As the only raising agents in the recipe, the eggs needed to be whisked with sugar for an hour to incorporate sufficient air into the cake mix. And then there are the almonds, which were to be pounded down into a paste with rosewater before being combined with the other ingredients.

The whole process is made all the more cumbersome because of the large quantities involved. There are 3lbs (1.36 kg) of dry ingredients alone, without factoring the astonishing number of eggs required.

Today we could whip up this recipe in no time using an electric whisk and blender, but in the eighteenth-century it relied on good old-fashioned elbow-grease…

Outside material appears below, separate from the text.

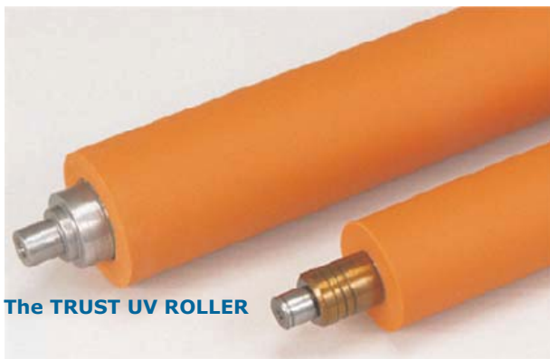
The TRUST UV ROLLER

The newest UV roller technology is now available in North America

Extract from a recipe for lemon cake, from The Cookbook of Unknown Ladies. Image property of Westminster City Archives

Extract from an eighteenth-century recipe for lemon cake, from The Cookbook of Unknown Ladies

A Lemon Cake

Take 16 eggs, half the whites, a pd & half of dubble refind sugar. Put yr eggs & sugar together & whip them for an hour till as white as cream. Then put to it a nagin of rose water or orange flower water & the out side rind of 4 lemons greated, 1 pd of fine flower dryed, half a pd of Jordon almonds with rose water. Mix all well together with a whisk. Put paper in the pan. Put it quick in the oven. An hour and a qr bakes it.